When former Utah Gov. Jon Huntsman exited the GOP presidential primary earlier this month, left-leaning columnists were bereft. Huntsman, after all, was the Republican most respected by non-Republicans. In December, New York Times number-crunching blogger Nate Silver laid out the case for “Jon Huntsman’s Path to Victory.” It turns out that path sustained itself through one state, New Hampshire, where he came in third. When he pulled out, Times columnist Frank Bruni wrote a fond farewell, in which — sometimes it’s hard to let go — he floated the possibility of a 2016 run. The Atlantic’s James Fallow also mourned the defeat of a truly swell Republican.

Expect few, if any, such dirges for Texas Gov. Rick Perry.

Perry, you see, never seemed embarrassed to be seen with other conservatives. When Perry entered the race in August, he seemed to present the most formidable challenge to Mitt Romney. The longest-standing governor of a job-rich state who had been elected as a state legislator, agriculture commissioner and lieutenant governor, Perry had years of political experience, years of campaign vetting and years of fundraising prowess.
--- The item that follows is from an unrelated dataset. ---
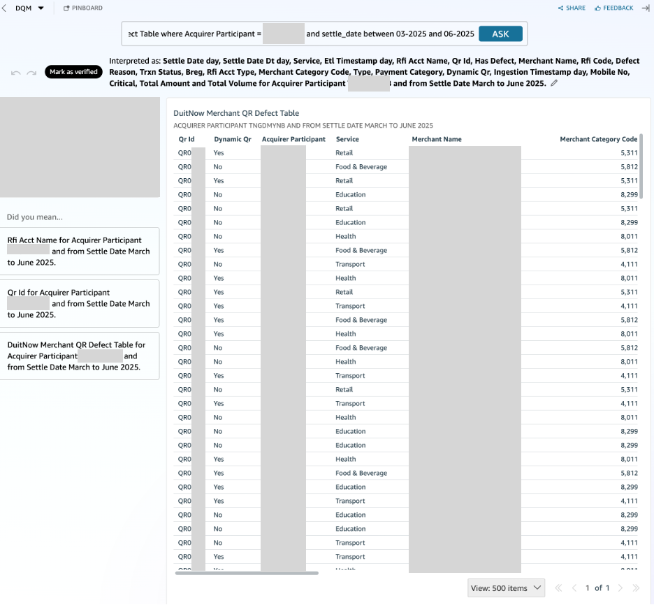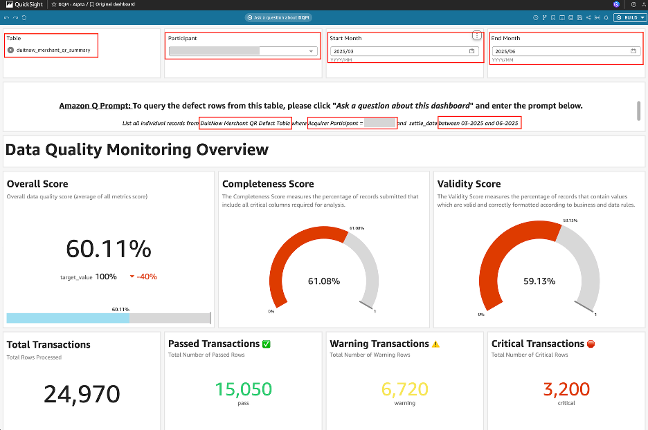 Perhaps our most innovative implementation is the Data Quality Monitoring dashboard, which uses the generative AI capabilities of Amazon Q. This dashboard, shown in the following image, goes beyond traditional visualization by enabling dynamic defect reporting for participating banks. Users can select specific parameters and generate detailed defect records through natural language queries, significantly streamlining the process of identifying and communicating data quality issues to our banking partners.

Unlike Romney, who went to Stanford and Harvard, the man from Paint Creek is an Air Force veteran who grew up poor and graduated from Texas A&M University. Unlike Huntsman, Perry never acted as if he were perhaps a little too precious for GOP politics. As for appealing to voters outside the GOP tent — no problem there. Perry started his political career as a Democrat.

Yet Perry’s campaign never made it out of the box. His team spent heavily in Iowa, but he came in fifth. Perry seemed to drop out of the race, only to jump back in. Then on Thursday, Perry officially withdrew and threw his support behind the undeserving Newt Gingrich.
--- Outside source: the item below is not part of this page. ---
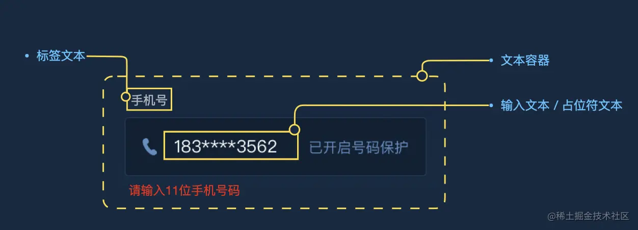 输入框最基本的构成我认为是这3大要素:文本容器、标签文本、输入内容(占位符文本);文本容器决定了组件再页面中的布局,标签文本明确了输入框内所需的信息类型,占位符文本则可对输入内容的类型、字符数等数据要求起到提示作用。

“I think he left his campaign the way he came in, bumbling and stumbling,” quipped Democratic political consultant Roger Salazar, who couldn’t believe that Perry endorsed Gingrich on the same day ex-wife Marianne announced to the media that Gingrich had told her in 1999 that he wanted an “open marriage” or a divorce.

The GOP debates did in Perry. From his first debate in September at the Reagan Library in Simi Valley, Calif., Perry stumbled and sputtered.
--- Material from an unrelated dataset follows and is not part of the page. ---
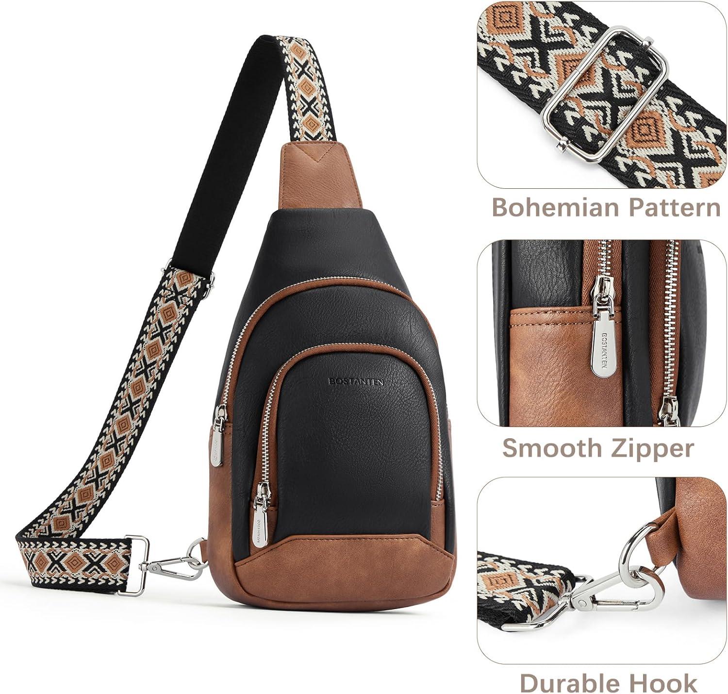 BOSTANTEN Sling Bag for Women Leather Crossbody Bag Vintage Cross Body Purse for Travel with Guitar Strap, Bohemian Style(Black&brown)

In a late-September session in Orlando, Fla., Perry drew the wrath of tea party conservatives. Romney hit Perry for signing the 2001 Texas DREAM Act, which allows illegal immigrant students to pay reduced in-state tuition at state colleges and universities. Perry shot back, “If you say that we should not educate children who have come into our state for no other reason than they’ve been brought there by no fault of their own, I don’t think you have a heart.”

It was not a politic way to make his point. Perry later apologized because he had insulted the GOP base in a gratuitous manner. (In similar fashion, Huntsman implied Republicans were stupid for not following scientists on global warming. Then Huntsman kept using the same ill-considered language.) It’s too bad because Perry had a solid argument for supporting the tuition measure: It’s wrong to punish young people who work hard in school for decisions their parents made.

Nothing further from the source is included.